И, таким образом, моя работа ограничивается обширной комбинаторной операцией, которую я вел, правда, без метода, но заботу о которой я мог бы вполне предоставить, как некоторые нынешние музыканты, компьютеру.
Взявшись за работу над
Моральными историями, я наивно думал, что мог бы в новом свете показать вещи - чувства, намерения, мысли, - на которые до сих пор проливала свет только литература. В первых трех картинах я широко использовал закадровый комментарий. Было ли это жульничеством? Да, если текст содержал основу моего замысла, отводя изображению лишь роль иллюстрации. Нет, если из столкновения этой речи с речью и поведением персонажей рождалась некая истина, нисколько не похожая на истину буквы, текста и жестов, - и которая могла быть истиной кино.
Действие фильма и сказанные за кадром слова никогда не относились, например, к одному и тому же времени; действие было в настоящем или прошедшем определенном, слова - почти всегда грамматически в "прошедшем неопределенном". Комментарий обобщал данный нам на экране частный случай, теснее связывая его с предшествующими или грядущими событиями, а также, должен признаться, слегка лишая его своей обособленности, очарования вещи, которая присутствует здесь, в настоящем и только в настоящем. Он тем самым отнимал и у моих персонажей немалую долю их тайны и симпатии, которую готов был почувствовать к ним зритель. Но именно простецкой тайны, двусмысленной симпатии, за пределы которых - справедливо ли, нет ли - я решился вести мою публику.
В
Моей ночи у Мод, напротив, главный герой слишком долго изъяснялся насчет самого себя в присутствии разных партнеров, чтобы можно было выдержать более обширные исповеди "апарте". Стало быть, он утверждался в роли рассказчика только благодаря названию фильма и двум коротким фразам, которые должны были попросту уберечь нас от ложных путей.
Что до
Колена Клер, оно в романной версии представало в форме рассказа Жерома, описывающего ходы собственной мысли. Как живописать на экране это чисто внутреннее волнение? По правилам требовался комментарий, но его плоское наложение на изображение мне казалось тем более тщетным и искусственным, что у первоистока этого наплыва размышлений было одно-единственное событие, ценное своей единичностью. Здесь уже невозможно играть на расхождении между временем действия (в грамматическом смысле слова) и временем мысли. Показать поступок и дать точную мысль того, кто его совершает, в самый момент его совершения - "кино" это или нет? Не знаю. Во всяком случае, это идет вразрез с общепринятой истиной, что большинство вещей, свидетелями которых мы бываем, развертываются за меньшее время, "чем понадобилось бы, чтобы об этом рассказать".

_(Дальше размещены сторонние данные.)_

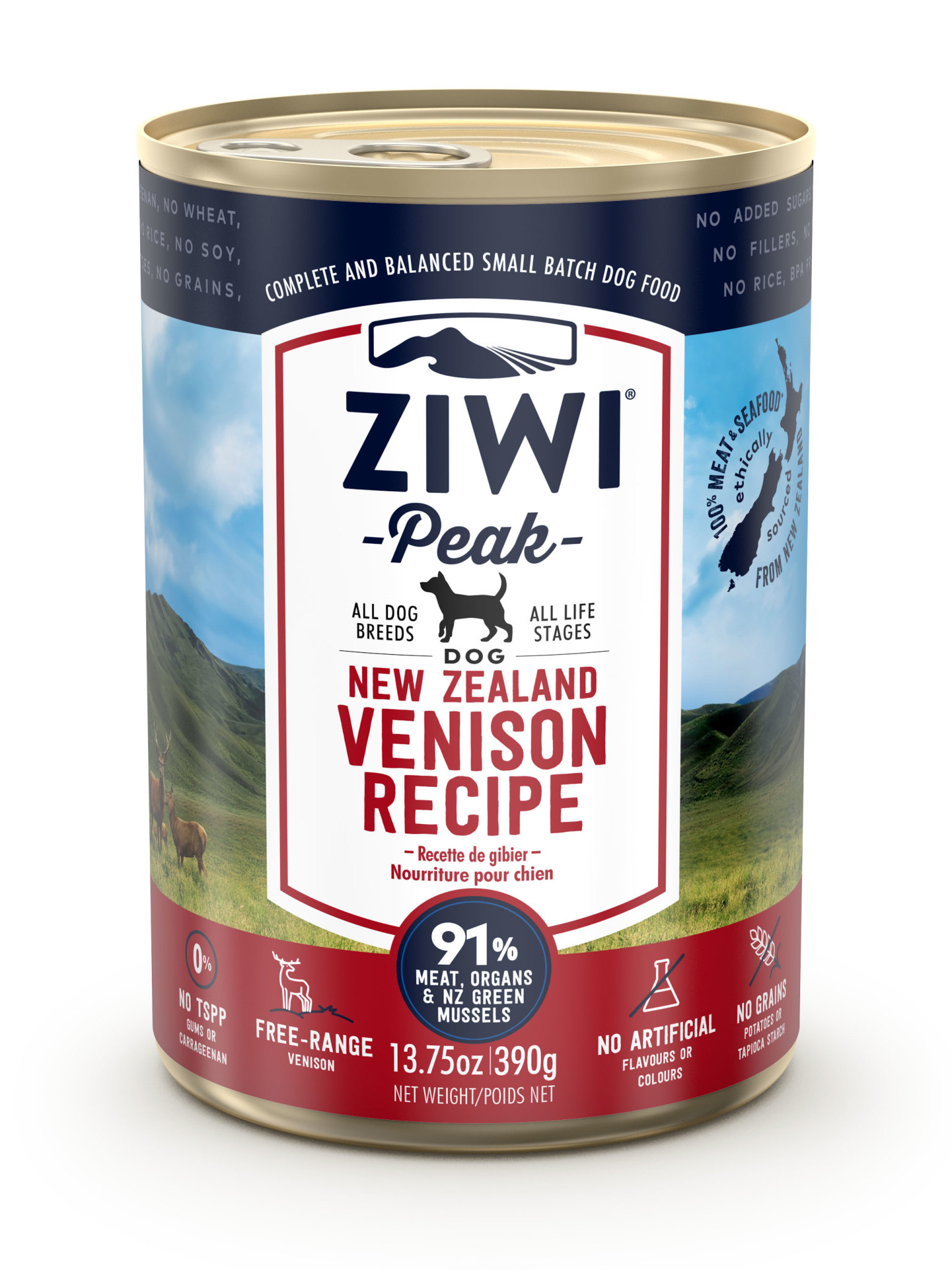 De natvoeding van Ziwi Peak in blik, bereid in Nieuw-Zeeland, is uniek omdat het maar liefst 92% (vers en/of gedroogd) vlees van hert bevat. Het recept is eenvoudig, maar volledig en in balans zodat je hond kan genieten van een heerlijk voeding die bij perfect aansluit bij zijn of haar behoeften. De voeding bevat ook Nieuw- Zeelandsegroenlipmossel voor natuurlijke glucosamine en chondroïtine en soortspecifieke pens, voor extra smakelijkheid en een goede spijsvertering.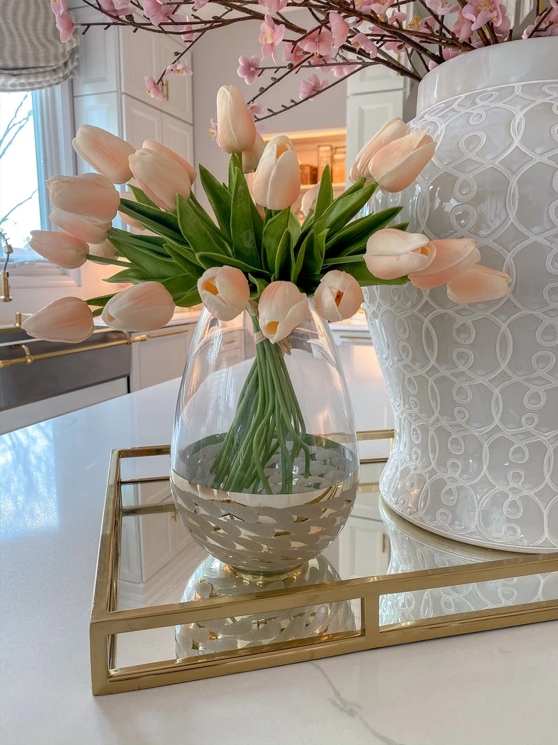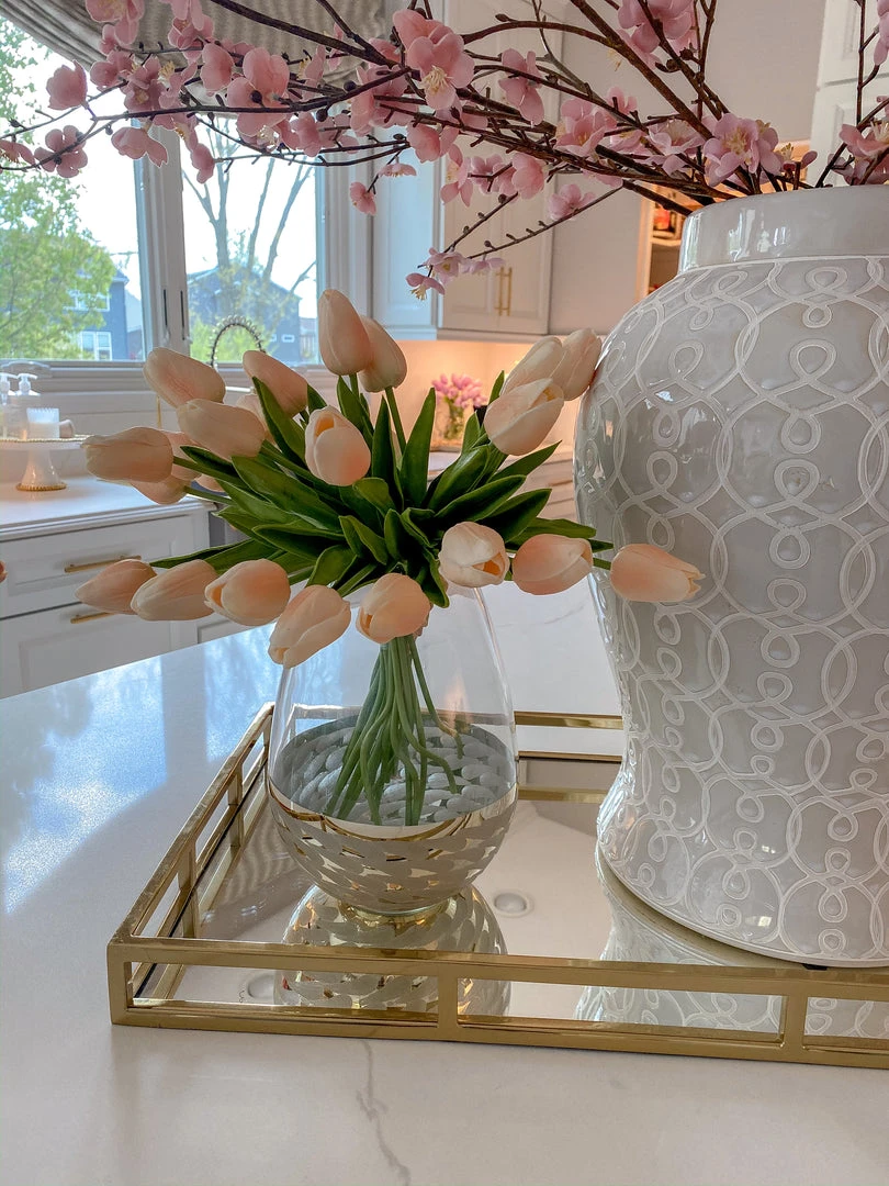 Inspire Me! Home Decor Rectangular Marble Tray With Cherry Blossom Details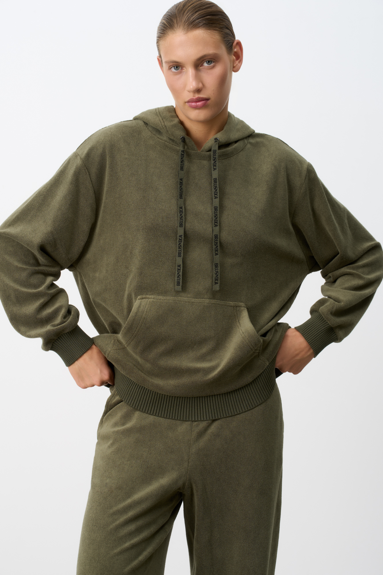 Худи из махрового трикотажа. Модель свободного силуэта со спущенной линией плеча. Капюшон с брендированным вязанным шнурком и накладной карман-кенгуру. Манжет и низ изделия обработан рибом. Дополнить образ можно брюками в таком же стиле.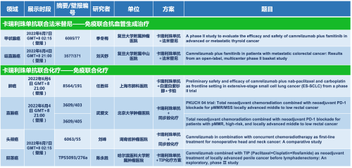 卡瑞利珠单抗联合8868体育的另一款创新药法米替尼在甲状腺癌和结直肠癌领域有2项研究被接收为壁报,另有卡瑞利珠单抗联合化疗的4项研究在肺癌、结直肠癌、头颈癌和阴茎癌领域的研究被接收为5份壁报。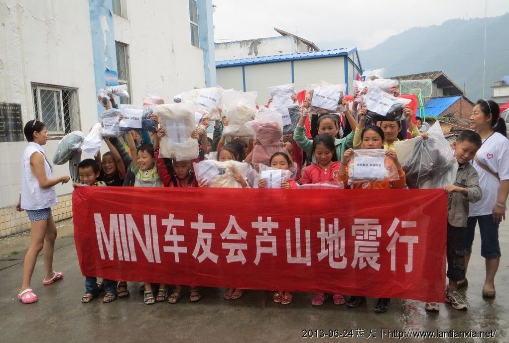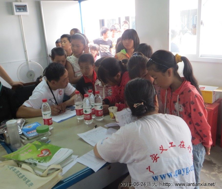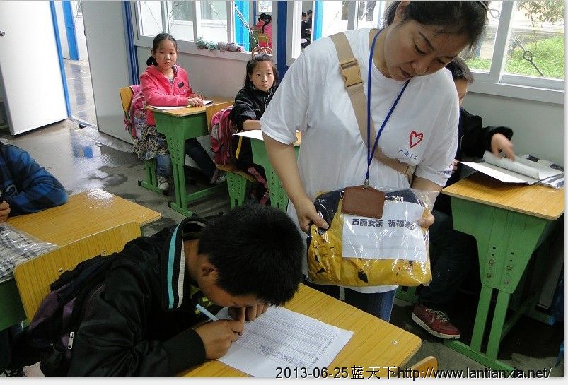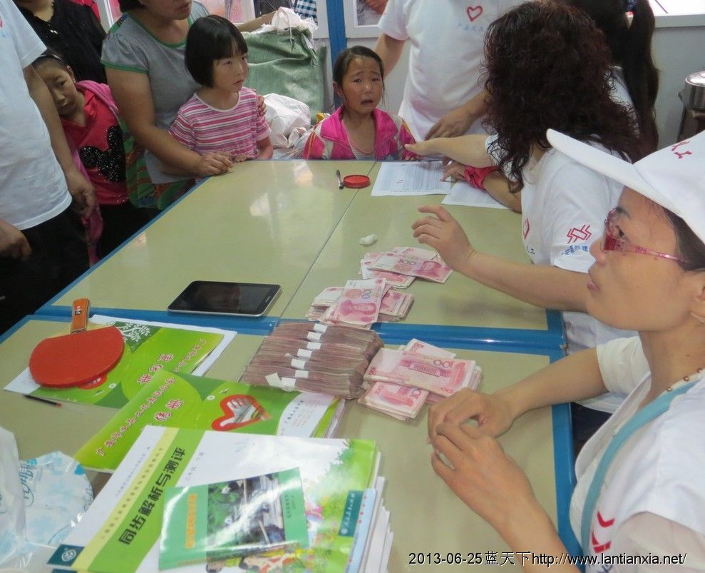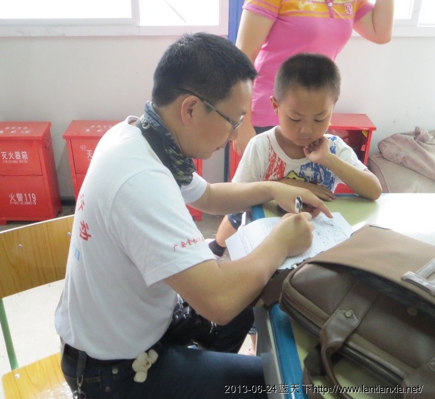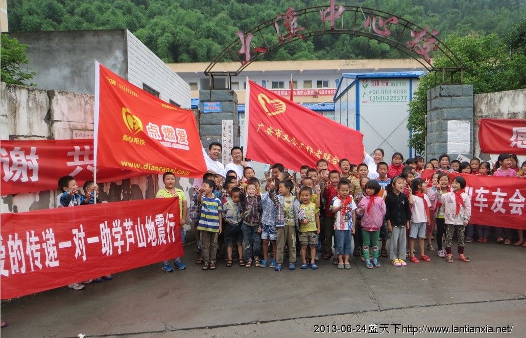 情系灾区,点燃爱心。6月18日上午八点半,广安义工在会长曹东、王艳玲以及陈国彬理事等的带领下,一行十七人开始奔赴雅安灾区,到宝兴县大溪镇送募捐的贫困助学款,同行的还有深圳与贵州的6位爱心人士。经过十多小时的长途跋涉,行程600多公里,于晚上九时到达目的地大溪中心校。沿途九曲连环,道路狭窄山势险峻,少数地方仍有塌方沉降的痕迹。目所及处,可以看到许多住户为预防余震而设的各式帐蓬,一些民房墙体裂痕赫然醒目,断垣残壁也时时可见。途中,我们还遇到热情指路的老乡,曾被《中亿之家》报刊报道的灾区最美老人64岁的高成芬。 到了学校,义工们顾不得劳累,马上到学校与留校孩子玩耍。并在吃晚饭时与校长商讨明后天的资助事宜。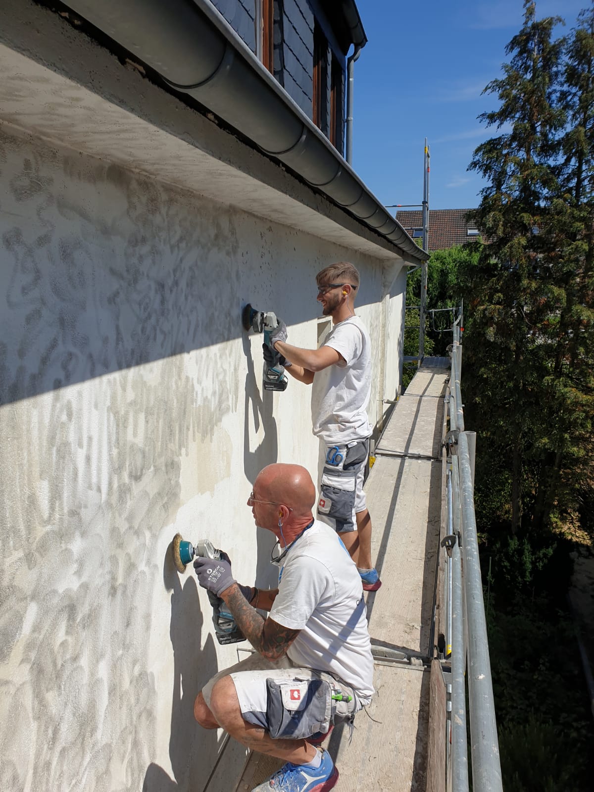 Das hängt von Höhe und Zugänglichkeit ab. Für sauberes Arbeiten und Sicherheit ist ein Gerüst oft sinnvoll. Wir klären das im Vor-Ort-Termin.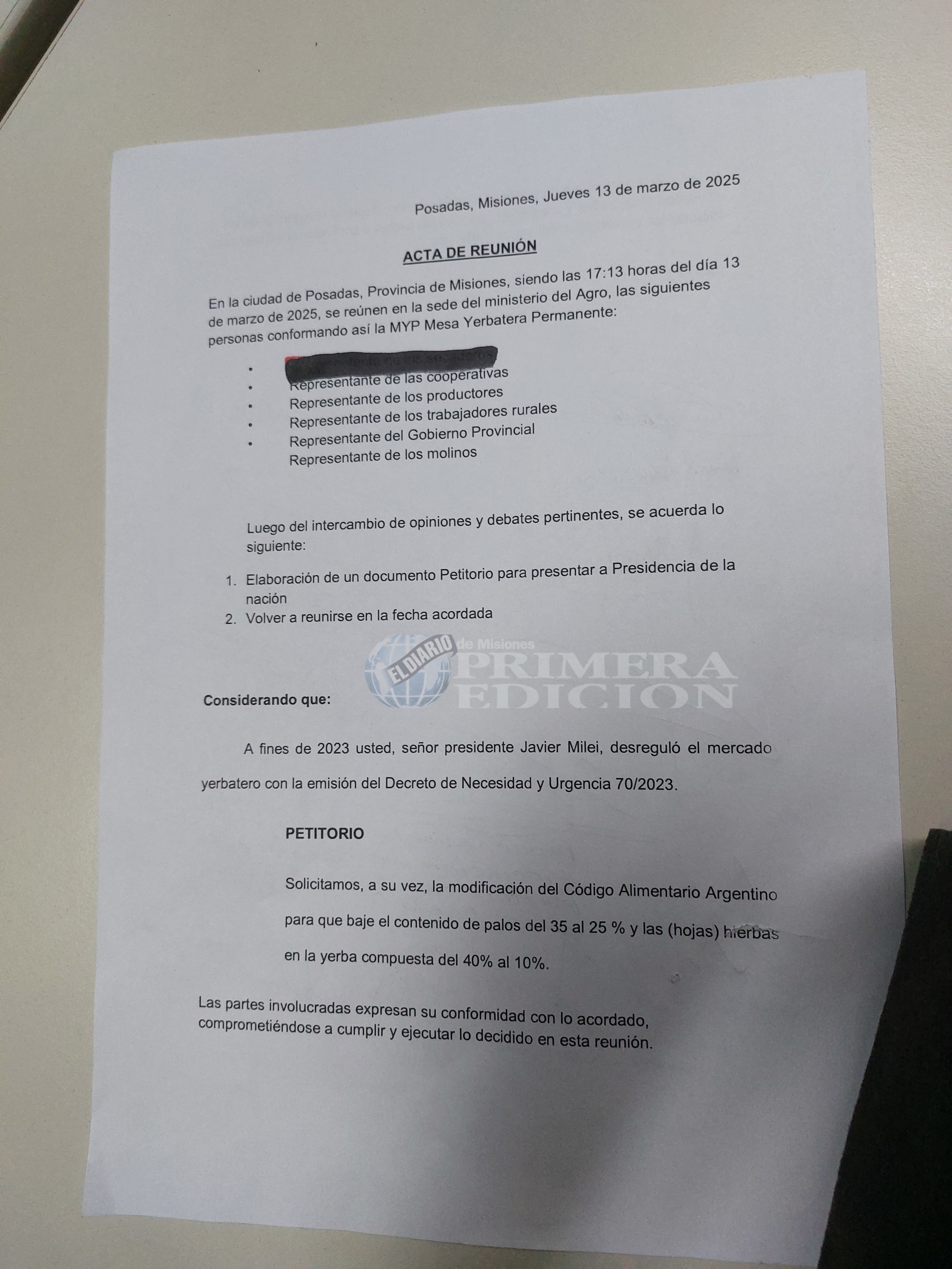 Entre las solicitudes acordadas, se pedirá al Gobierno de Javier Milei modificar el Código Alimentario Argentino para reducir el contenido de palos en la yerba mate del 35% al 25% y disminuir las hojas hierbas en la yerba compuesta del 40% al 10%.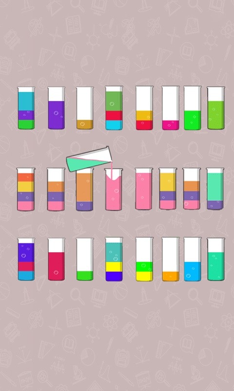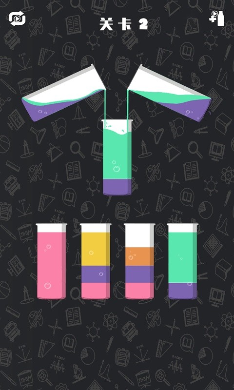 游戏核心在于掌握液体转移的黄金法则:同色相融,异色相斥。玩家需要像化学家般谨慎操作,通过长按控制倾倒力度,滑动调整倾倒方向,任何失误都可能导致液体污染。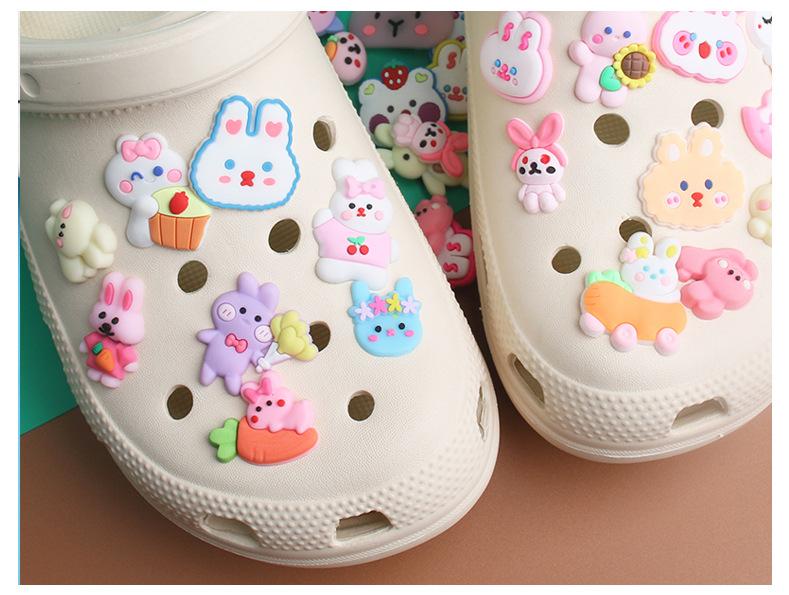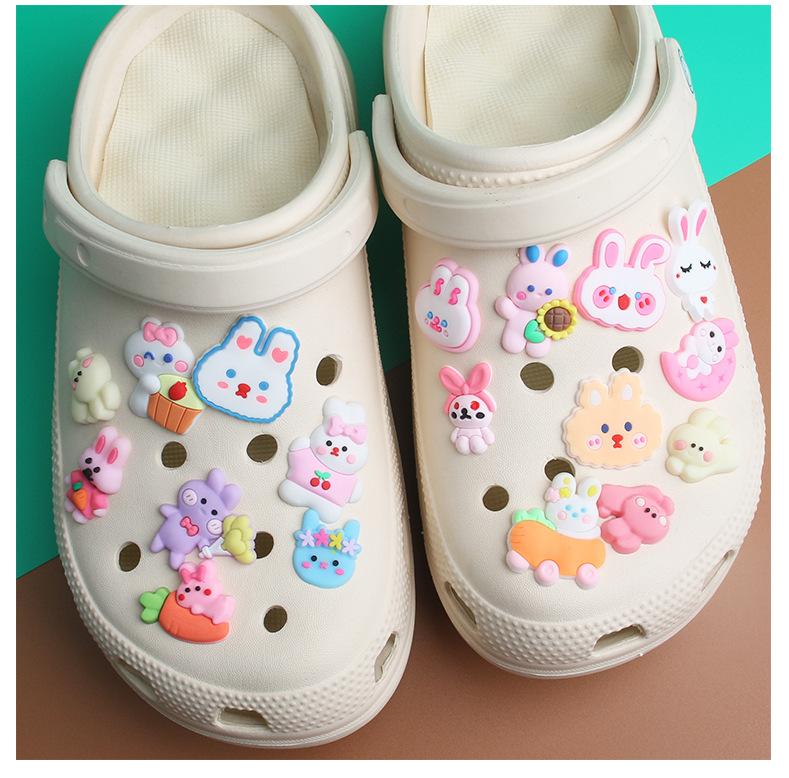 Nuevo en stock al por mayor parche de PVC de conejo de verano DIY para zapatos con agujeros hebilla decorativa flor para zapatos hebilla para zapatos con accesorios hechos a mano

И вот, вместо наложения я избрал соположение. В двух ключевых пассажах фильма, когда Жером рассматривает руку Жиля, лежащую на колене Клер, и когда он сам в хижине, в свою очередь, положит на него руку, я сперва представляю факты - прямо, объективно, оставляя вас в полном неведении насчет мыслей моего персонажа, а потом, в ходе беседы, заставляю его самого изложить эти мысли веселой и критичной писательнице. "Что за важность - ваши мысли? - говорит она. - Важно, что вы создавали живописную группу". Но кино-то, рискуя сломать хребет, хотело бы зайти немного дальше этой простой живописи, каковой оно является.